[Excerpts from a dataset]
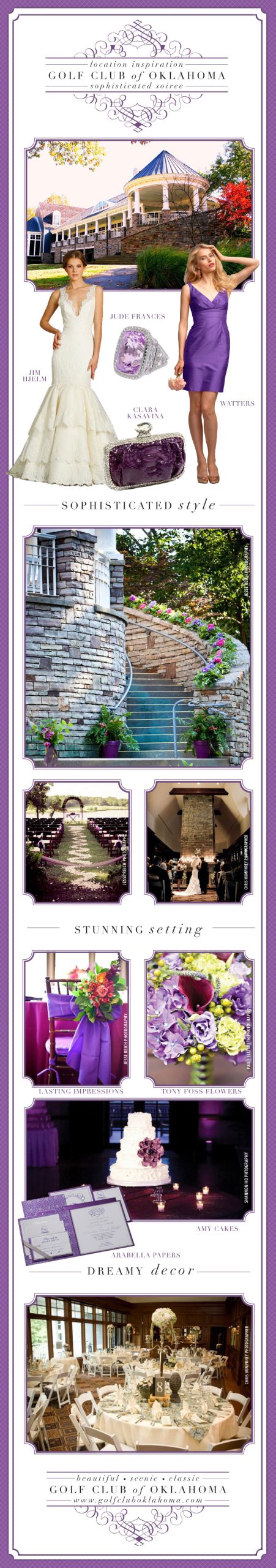 Located just outside the bustling city of Tulsa, The Golf Club of Oklahoma is a hidden gem that is perfect for a sophisticated soiree! Inside the clubhouse you’ll find rich, dark mahogany tones and a large stone fireplace. Outside is a gorgeous wrap around white pillar porch that leads guests onto a grassy lawn where weddings can be held overlooking picturesque waters on the site. We couldn’t wait to share some inspiring wedding details for a fabulous affair at this luxe location. Dressed in a lace, trumpet gown from Jim Hjelm, you are sure to stand out! Jim Hjelm Bridal is available locally at Meg Guess Couture. Paired with a lovely lavender Jude Frances ring, available at Cayman’s and Naifeh Fine Jewelry, and a plum snakeskin clutch from Luxe Objects, you’ll create the ultimate wow! And there’s no denying the effortless beauty your bridesmaids will have in a chic purple Watters bridesmaid dress, available at J.J. Kelly Bridal Salon. Beautiful flowers like a grand petal covered aisle to the altar, fab chair treatments like this from Lasting Impressions, and a lovely bouquet like this beautiful lavender bouquet by Tony Foss Flowers will fit perfectly into this scenic setting. Add a dreamy cake like the textured beauty from Amy Cakes and darling patterned invites like this Arabella Paper suite, available at By Invitation Only and Paper ‘N More, to finish off this classic look. Go online to find out more about the Golf Club of Oklahoma and start planning your sophisticated soiree!
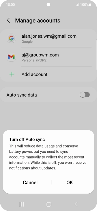 Press the indicator next to "Auto sync data" to turn the function on or off.
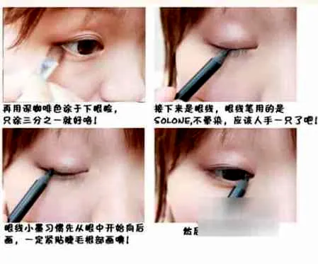 为了让眼妆更完整,在下眼睑尾部同样刷上深咖啡色眼影。勾画眼线时,可以先沿着睫毛根部画出内眼线,再在尾部加粗。
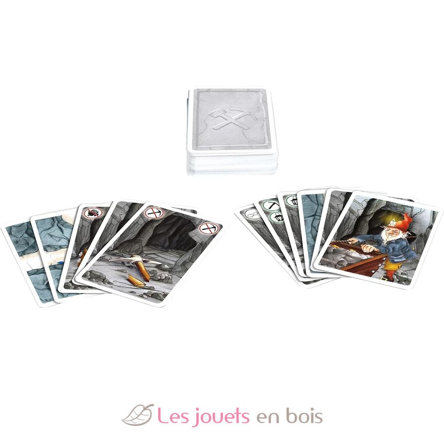 A la fin d'une manche, si l'or a été trouvé, les chercheurs le partagent entre eux, sinon, les saboteurs le récupèrent. Après 3 manches, le plus riche a gagné.- Matières : Carton & Papier
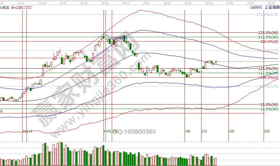 截至今日收盤A股滬深指數(shù)時(shí)隔39個(gè)交易日再度雙雙收復(fù)極反通道生命線,先行指數(shù)上證50已上攻至藍(lán)色上軌線反壓附近,結(jié)合各周期走勢大盤將延續(xù)反彈動作;空間點(diǎn)位方面,江恩價(jià)格四方形、波段百分比線工具顯示,3016-3036區(qū)間同極反通道短周期共振,按買在支撐賣在壓力原則,2840附近支撐位買入,第一目標(biāo)位2950減一次倉,接下來3016-3036區(qū)間附近又一次分批獲利參考位;時(shí)間方面,7月3號是下一個(gè)日線時(shí)間窗口,6月27號盤中壓力是45度3016點(diǎn)、90度3036點(diǎn),盤中支撐是270度2961點(diǎn)、315度2978點(diǎn)。操作策略,指數(shù)極反通道生命線附近震蕩,反彈延續(xù)中,整體持倉保持3-5左右。
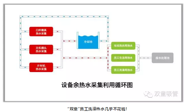 在2003年新建廠房之初,“雙童”就全面考慮到能源節(jié)約和排放的控制,實(shí)施了設(shè)備余熱水循環(huán)系統(tǒng)以及設(shè)備余熱采集系統(tǒng)。
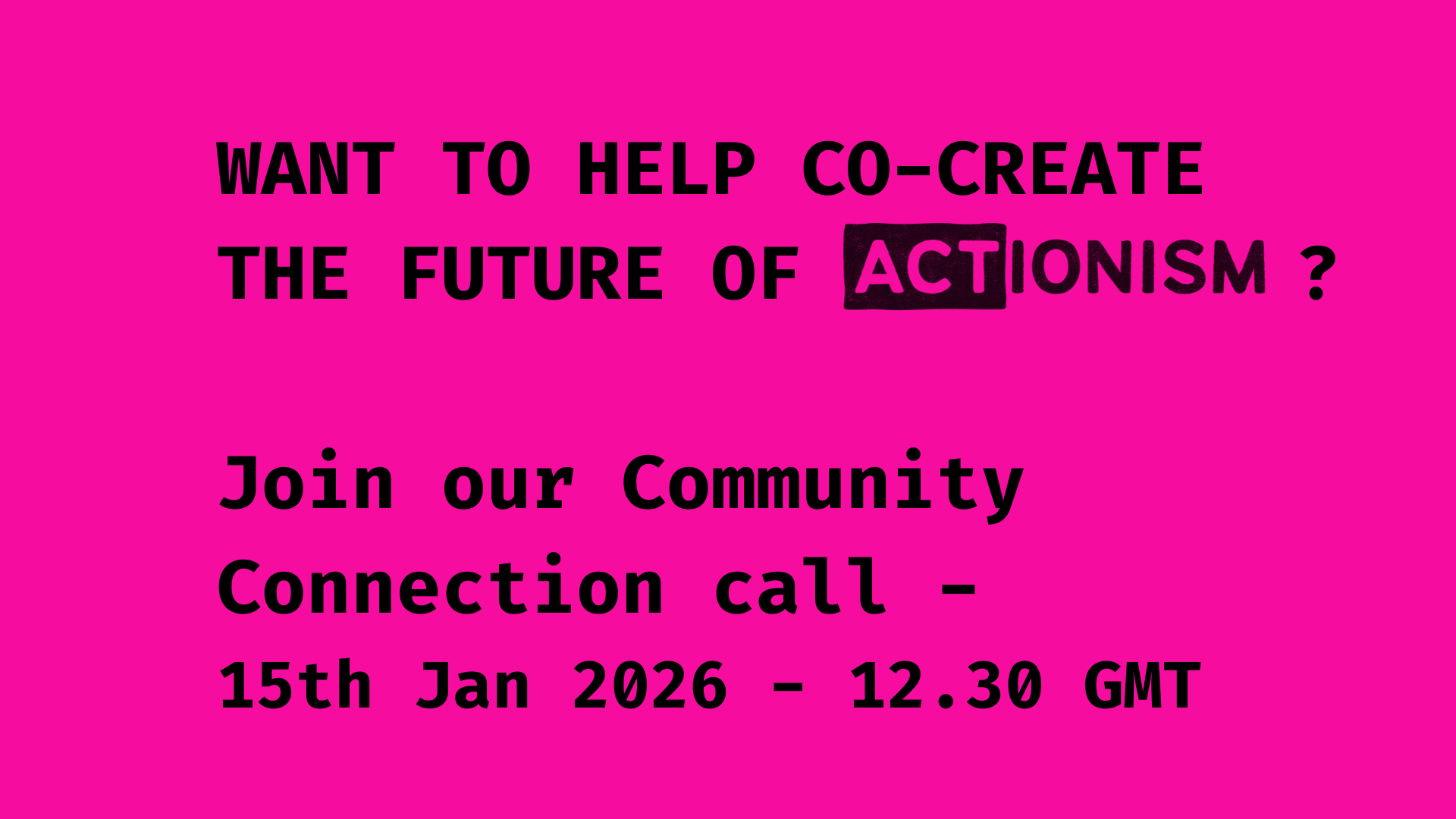 If you believe ACTionism needs to exist right now and you have skills or ideas you'd like to share, please join this call: 12.30 - 1.30 on Jan 15th.
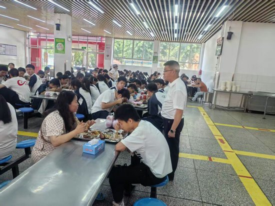 綿陽新聞網(wǎng)訊 為了鼓舞高三學(xué)子斗志,營造溫馨奮進(jìn)的備考氛圍,5月25日,江油一中在食堂舉行了以“助力高考 暖心贈(zèng)餐”為主題的高考沖刺贈(zèng)餐活動(dòng),該校全體包班領(lǐng)導(dǎo)及全體高三師生共同參與,以暖心餐食和誠摯祝福為即將奔赴考場(chǎng)的學(xué)子們加油助力。

*Exercise aim:* When you copy the data above, keep each line exact and omit the pictures.

*Response to the task:*
 Located just outside the bustling city of Tulsa, The Golf Club of Oklahoma is a hidden gem that is perfect for a sophisticated soiree! Inside the clubhouse you’ll find rich, dark mahogany tones and a large stone fireplace. Outside is a gorgeous wrap around white pillar porch that leads guests onto a grassy lawn where weddings can be held overlooking picturesque waters on the site. We couldn’t wait to share some inspiring wedding details for a fabulous affair at this luxe location. Dressed in a lace, trumpet gown from Jim Hjelm, you are sure to stand out! Jim Hjelm Bridal is available locally at Meg Guess Couture. Paired with a lovely lavender Jude Frances ring, available at Cayman’s and Naifeh Fine Jewelry, and a plum snakeskin clutch from Luxe Objects, you’ll create the ultimate wow! And there’s no denying the effortless beauty your bridesmaids will have in a chic purple Watters bridesmaid dress, available at J.J. Kelly Bridal Salon. Beautiful flowers like a grand petal covered aisle to the altar, fab chair treatments like this from Lasting Impressions, and a lovely bouquet like this beautiful lavender bouquet by Tony Foss Flowers will fit perfectly into this scenic setting. Add a dreamy cake like the textured beauty from Amy Cakes and darling patterned invites like this Arabella Paper suite, available at By Invitation Only and Paper ‘N More, to finish off this classic look. Go online to find out more about the Golf Club of Oklahoma and start planning your sophisticated soiree!
 Press the indicator next to "Auto sync data" to turn the function on or off.
 为了让眼妆更完整,在下眼睑尾部同样刷上深咖啡色眼影。勾画眼线时,可以先沿着睫毛根部画出内眼线,再在尾部加粗。
 A la fin d'une manche, si l'or a été trouvé, les chercheurs le partagent entre eux, sinon, les saboteurs le récupèrent. Après 3 manches, le plus riche a gagné.- Matières : Carton & Papier
 截至今日收盤A股滬深指數(shù)時(shí)隔39個(gè)交易日再度雙雙收復(fù)極反通道生命線,先行指數(shù)上證50已上攻至藍(lán)色上軌線反壓附近,結(jié)合各周期走勢大盤將延續(xù)反彈動作;空間點(diǎn)位方面,江恩價(jià)格四方形、波段百分比線工具顯示,3016-3036區(qū)間同極反通道短周期共振,按買在支撐賣在壓力原則,2840附近支撐位買入,第一目標(biāo)位2950減一次倉,接下來3016-3036區(qū)間附近又一次分批獲利參考位;時(shí)間方面,7月3號是下一個(gè)日線時(shí)間窗口,6月27號盤中壓力是45度3016點(diǎn)、90度3036點(diǎn),盤中支撐是270度2961點(diǎn)、315度2978點(diǎn)。操作策略,指數(shù)極反通道生命線附近震蕩,反彈延續(xù)中,整體持倉保持3-5左右。
 在2003年新建廠房之初,“雙童”就全面考慮到能源節(jié)約和排放的控制,實(shí)施了設(shè)備余熱水循環(huán)系統(tǒng)以及設(shè)備余熱采集系統(tǒng)。
 If you believe ACTionism needs to exist right now and you have skills or ideas you'd like to share, please join this call: 12.30 - 1.30 on Jan 15th.
 綿陽新聞網(wǎng)訊 為了鼓舞高三學(xué)子斗志,營造溫馨奮進(jìn)的備考氛圍,5月25日,江油一中在食堂舉行了以“助力高考 暖心贈(zèng)餐”為主題的高考沖刺贈(zèng)餐活動(dòng),該校全體包班領(lǐng)導(dǎo)及全體高三師生共同參與,以暖心餐食和誠摯祝福為即將奔赴考場(chǎng)的學(xué)子們加油助力。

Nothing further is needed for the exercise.